= Democratic Alliance (Quebec) =

Defunct political party in Quebec, Canada

Democratic Alliance (Alliance démocratique, AD) was a short-lived political party in Quebec, Canada, founded by the Montreal journalist and politician Nick Auf der Maur. This left-of-centre political party was mainly based among the anglophone communities in Montreal.

The Democratic Alliance was closely linked with the Montreal Citizens' Movement, a political party at the municipal level. Bob Keaton, the DA’s candidate in Notre-Dame-de-Grâce riding had served as an MCM councilor on Montreal City Council.

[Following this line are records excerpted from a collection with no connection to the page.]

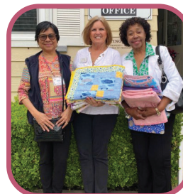
Spring Chickens Quilting Group gifted Precious Life beautiful handmade quilts.
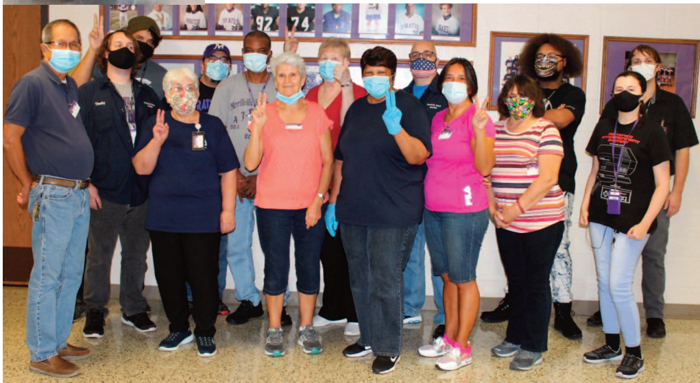
Some of our MHS custodial crew.
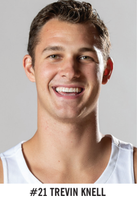
6-5 | 190 | Freshman | Guard Woods Cross, Utah | Woods Cross HS
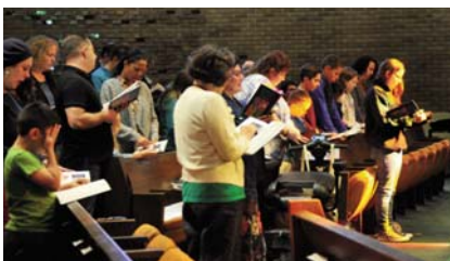
Religious School opening day services
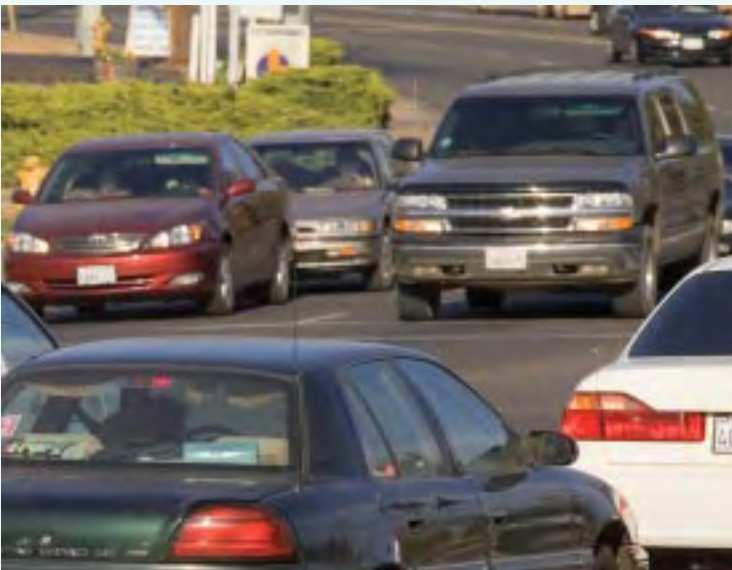
► If Measure O passes, the new mall will generate thousands of additional car trips each day on our local roads.

The DA presented a center-left platform that was described by the Montreal Gazette as being "complementary to that of the PQ though diametrically opposed on the issue of secession".

After the election, the DA was enthusiastic despite not winning any seats in the National Assembly and were planning to meet to discuss strategy for the next phase. The party’s best result was in Notre-Dame-de-Grâce riding where Bob Keaton placed a close third behind the Liberals and the Union Nationale.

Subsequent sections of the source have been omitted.